(Beginning of Data provided)

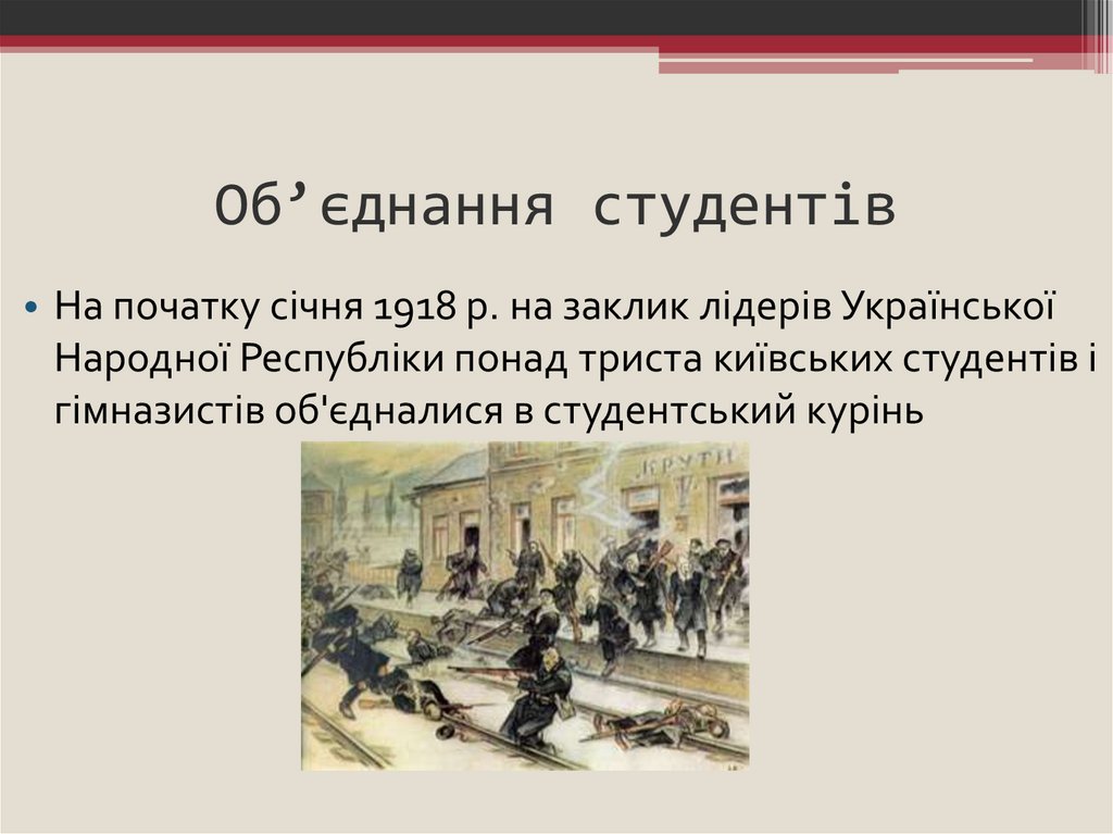 Об’єднання студентів• На початку січня 1918 р. на заклик лідерів Української
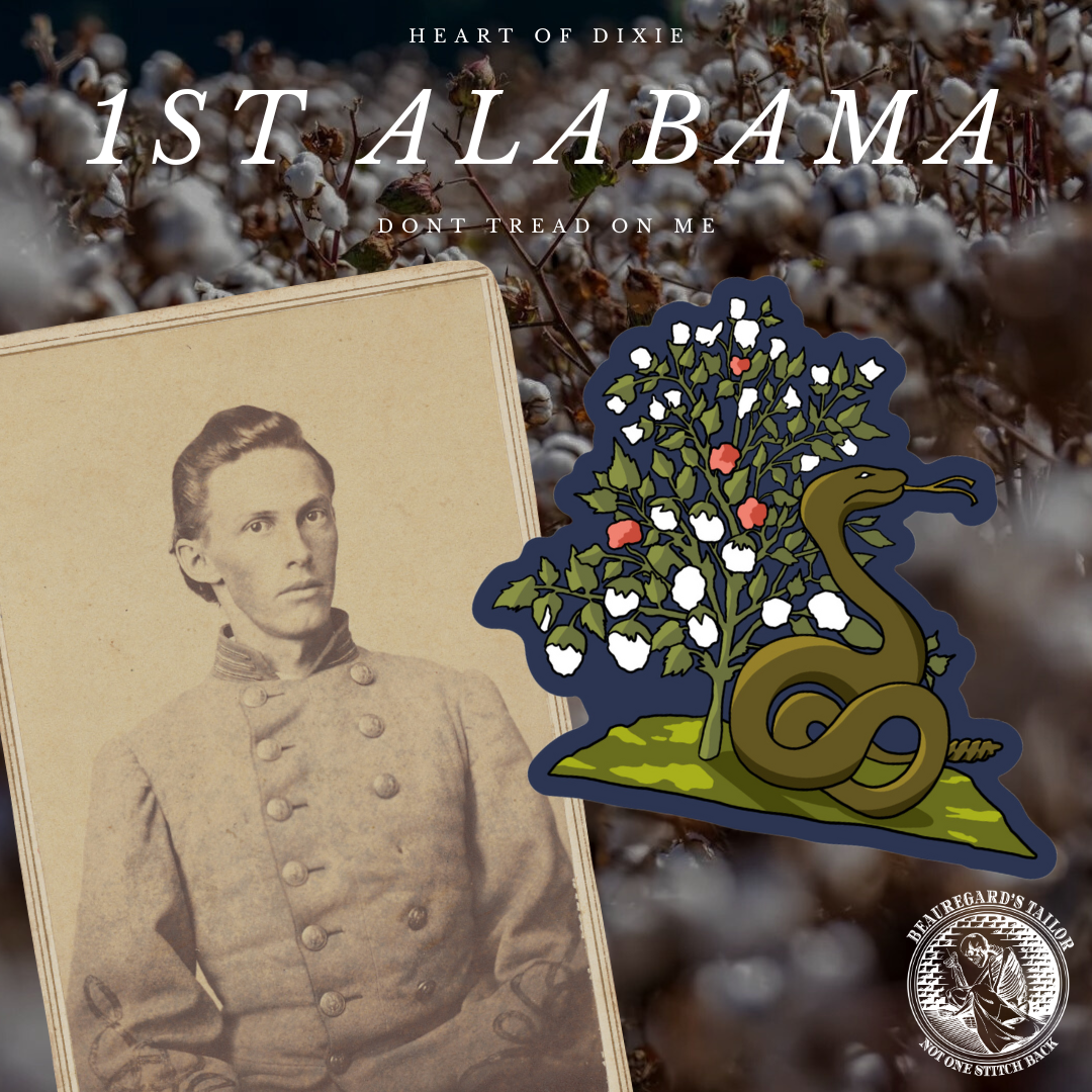 Design based on the flag of the 1st Alabama Infantry. The design does not include the text portion of the flag, that option is available here.
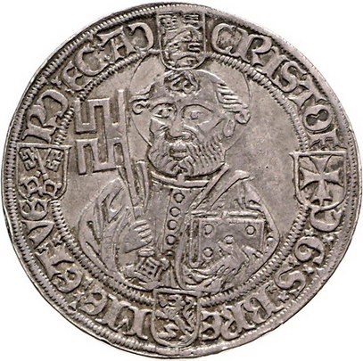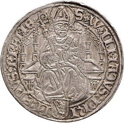 Los-Nummer: Auktion 51 - 682 Altdeutsche Münzen und Medaillen Bremen, Erzbistum Christoph von Braunschweig 1511-1558, Taler (Gulden zu 36 Grote) o.J. (1511-14), Bremen. Administratorische Prägung. CRISTOF - D G S BRE - ME ET VE - RD EC AD St. Petrus in halber Figur mit Schlüssel und Buch, in der Umschrift die vier Wappenschilde von Braunschweig, Bremen, Verden und Lüneburg / S WILHADVS PRI - M EPVS BREME Thronender Heiliger mit Krummstab und Buch über Bremer Stadtwappen. Jungk 151, Davenport 8974, Welter 344 , Slg. Danziger 116, Schulthess-Rechberg 3205, Madai 721, Fiala 235, Slg. Müller-Alinenhof 304, Slg. Bonin 2890, Slg. Brand I 982. Äußerst selten. Schöne Patina. Vorzüglich Schätzpreis: 40000,- Zuschlag: 45000,- |

(End of Data provided)

## Work instruction
Quote the material above exactly, from the line holding "Design based on" through its last line, including both. Omit the pictures.

## Solved problem
 Design based on the flag of the 1st Alabama Infantry. The design does not include the text portion of the flag, that option is available here.
 Los-Nummer: Auktion 51 - 682 Altdeutsche Münzen und Medaillen Bremen, Erzbistum Christoph von Braunschweig 1511-1558, Taler (Gulden zu 36 Grote) o.J. (1511-14), Bremen. Administratorische Prägung. CRISTOF - D G S BRE - ME ET VE - RD EC AD St. Petrus in halber Figur mit Schlüssel und Buch, in der Umschrift die vier Wappenschilde von Braunschweig, Bremen, Verden und Lüneburg / S WILHADVS PRI - M EPVS BREME Thronender Heiliger mit Krummstab und Buch über Bremer Stadtwappen. Jungk 151, Davenport 8974, Welter 344 , Slg. Danziger 116, Schulthess-Rechberg 3205, Madai 721, Fiala 235, Slg. Müller-Alinenhof 304, Slg. Bonin 2890, Slg. Brand I 982. Äußerst selten. Schöne Patina. Vorzüglich Schätzpreis: 40000,- Zuschlag: 45000,- |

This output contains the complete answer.